§ WHAT TO DO
Give exactly the lines from the one with "근대 5대 명창인 서천" through the final line of the listing below, both included, leaving out any pictures.

§ PROVIDED DATA
*** Block opens ***
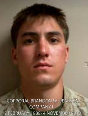 February 2, 1989 – November 2010,Corporal BRANDON W. PEARSON was born on 2 February 1989 in Arvada, Colorado. He attended Ralston Valley High School, enlisted in the Marine Corps two days after Christmas in 2006, and left for recruit training on 4 September 2007. As Private Pearson, he graduated from Recruit Training in November 2007 and then checked into School of Infantry – West. He became a rifleman and was promoted to Private First Class, assigned to Company L, 3rd Battalion, 5th Marines. On 1 November 2008 he was promoted to Lance Corporal. While assigned to Company L, he completed a summer and winter package at Mountain Warfare Training Center in Bridgeport, California, as well as completing Mojave Viper Training at 29 Palms, California in preparation for deployment to Afghanistan. Lance Corporal Pearson was deployed to Okinawa, Japan with the 31st Marine Expeditionary Unit, where he participated in partnered bilateral training with Thailand, South Korea, Philippines, and Australia. He served as the 1st team leader, 2nd Squad, 2nd Platoon while deployed to Afghanistan in support of Operation Enduring Free-dom. Corporal Pearson’s personal awards include the Purple Heart and Combat Action Ribbon.
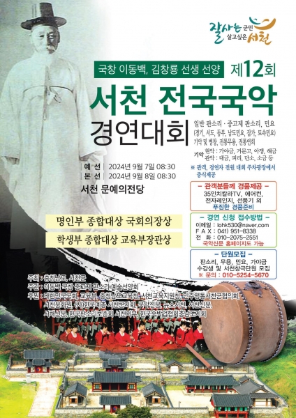 근대 5대 명창인 서천 출신 이동백, 김창룡 선생을 선양하고 국악 인구의 저변 확대 및 국악 활성화를 위해 매년 개최하고 있는 이번 대회는 올해 ‘중고제 판소리’, ‘전통무용’, ‘전통연희’ 분야가 새롭게 신설되어 전국의 국악인들이 대거 참여할 예정이다.
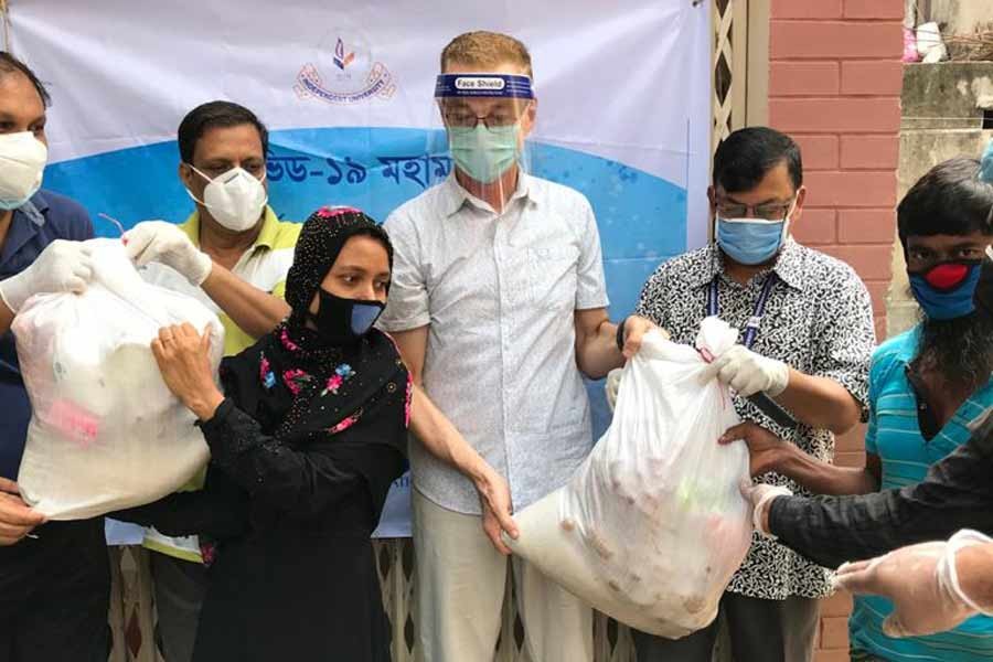 The university distributed foods and other essential commodities to 2,500 families in Uttara, Vatara, Badda, Satarkul and other slums of the capital city on Thursday and Friday.
*** Block closes ***
§ SOLUTION FOR THIS EXERCISE
 근대 5대 명창인 서천 출신 이동백, 김창룡 선생을 선양하고 국악 인구의 저변 확대 및 국악 활성화를 위해 매년 개최하고 있는 이번 대회는 올해 ‘중고제 판소리’, ‘전통무용’, ‘전통연희’ 분야가 새롭게 신설되어 전국의 국악인들이 대거 참여할 예정이다.
 The university distributed foods and other essential commodities to 2,500 families in Uttara, Vatara, Badda, Satarkul and other slums of the capital city on Thursday and Friday.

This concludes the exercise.